Copyright © 2014 Beatriz Alonso

All rights reserved.

ISBN: 1497495164

ISBN-13: 9781497495166

a Pedro y viti, CON AMOR.

Perdida en el viento

Índice:

Capítulo I

Capítulo II

Capítulo III

Capítulo IV

Capítulo V

Capítulo VI

Capítulo VII

Capítulo VIII

Capítulo IX

Capítulo X

Epílogo

Quiero agradecer profundamente el acertado asesoramiento de mi editora y amiga, Arancha Villanueva Fanjul, sin cuya dedicación y conocimientos, esta obra jamás habría visto la luz.
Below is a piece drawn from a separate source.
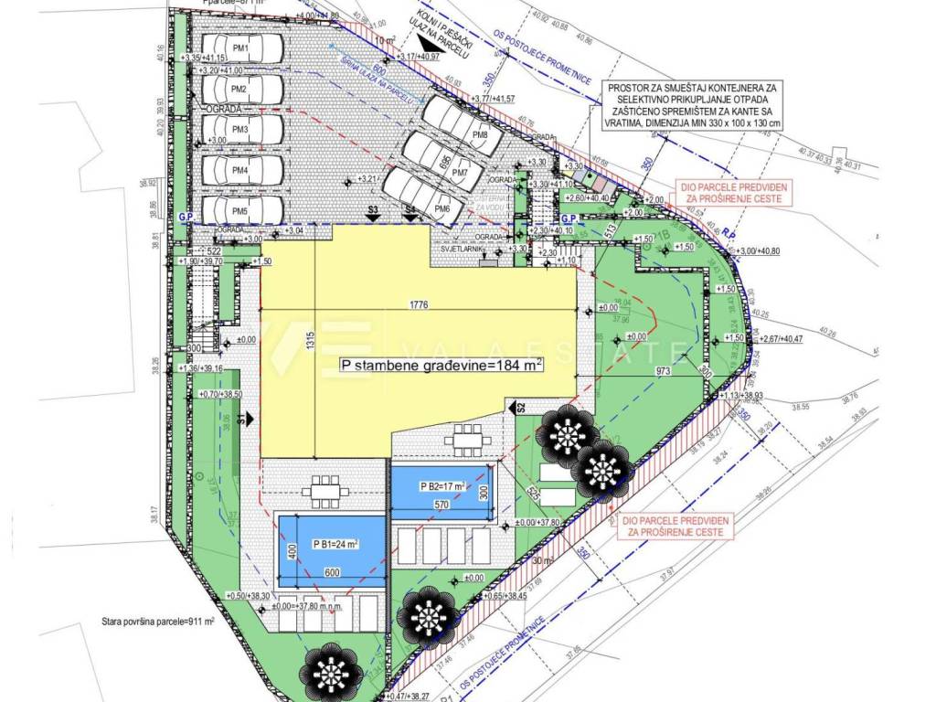 Real Estate Island of Krk, Malinska - for sale is a new modern apartment located on the ground floor of a new building with a garden and a swimming pool. The apartment has a living area of 83 m2 and consists of an entrance hall, two bedrooms, two bathrooms and a space connecting the kitchen, dining room and living room with access to a covered terrace and its own fenced and beautifully landscaped garden of 150 m2 with a partial view of the sea where there is a private pool and a sunbathing area. It comes with two parking spaces in the common courtyard of the building. High-quality construction and equipment, first-class ceramics and sanitary ware, aluminum joinery, underfloor heating, security doors, multi-split air conditioning and photovoltaic cells for the production of electricity for each apartment separately are the main features of this luxurious new building. The property is currently in the final phase of construction, and the planned completion for moving in is by spring 2026. The apartment is subject to VAT and the buyer does not pay real estate tax. Vala Estate Malinska agency will provide you with a safe and transparent transfer of ownership and all necessary documentation.

Y a mi gran amiga y diseñadora gráfica, Celia Arenas, que ha compartido un pedacito de su inmenso talento conmigo.

A ambas os debo mucho.

Juan, gracias por acompañarme en esta travesía.

Capítulo I

Amparada por el silencio de la noche invernal, Sue LePard recorría con presteza las serpenteantes y estrechas callejuelas del pueblo y exhaló un suspiro de alivio cuando divisó los barcos atracados en el puerto, irguiendo hacia el cielo exento de estrellas, los oscuros mástiles y las velas recogidas, dándoles apariencia de fantasmas encadenados entre la espesa bruma que invadía el paisaje nocturno. Se acercaba a su meta y los nervios la mantenían tensa como las cuerdas de un violín.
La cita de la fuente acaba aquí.